If ΝΕΑ and SPACE are typical, what is happening is a converging of the functions of professional societies and labor unions. It will take time, though, to alter the labor movement's image. As ACS's Stewart points out, the concept of unionism generates deep emotions. "People," he says, "are either prounion or antiunion without really understanding the detail of what they're talking about."

But despite this basic, antiunion bias on the part of many professionals, Jack Golodner is optimistic about his union's future. "The delusion," he says, "that what is right for the em­ployer is right for the profession is crumbling." Dual technical/adminis­trative promotional ladders, paid sab­baticals to return to school, royalties on patents and copyrights, and a greater voice in decision making are all aspects of the professional/technical man's working life that Mr. Golodner believes will become the subjects of collective bargaining.

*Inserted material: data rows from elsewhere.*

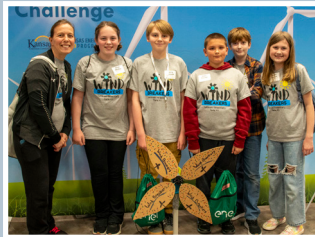
2 nd place - Sunflower Elementary Wind Breakers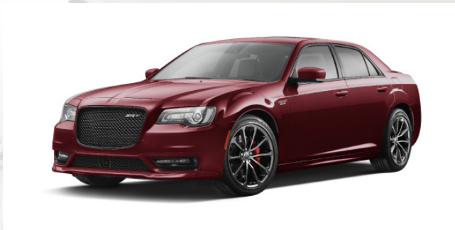
PRV - Velvet Red (Option)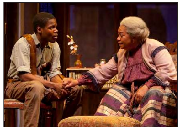
Photo from Hartford Stage’s 2011 production of Gem of the Ocean .

A CYCLE is a series of plays that chronicles a set of connected stories. Play cycles originally come from medieval theatre in which troupes traveled and performed multiple short plays that told biblical stories from creation through the resurrection. Now a play cycle may explore ongoing themes, interweaving stories, or overlapping characters.

Certainly the phoenixlike union movement among engineers as re­flected by ESA/CESO seems to indi­cate that the urge to organize is alive and kicking. Ultimately the question for chemists may well be the one Joe Stewart framed for C&EN: "The question," he says, "that ACS members are going to have to look at is, forget­ting the emotional implications and the semantics, do they want to convert or encourage other people to convert ACS into a society which can attain some of the objectives for which unions have traditionally strived, or into an organization which uses the methods that have generally characterized un­ions as they have forced their way toward their goals."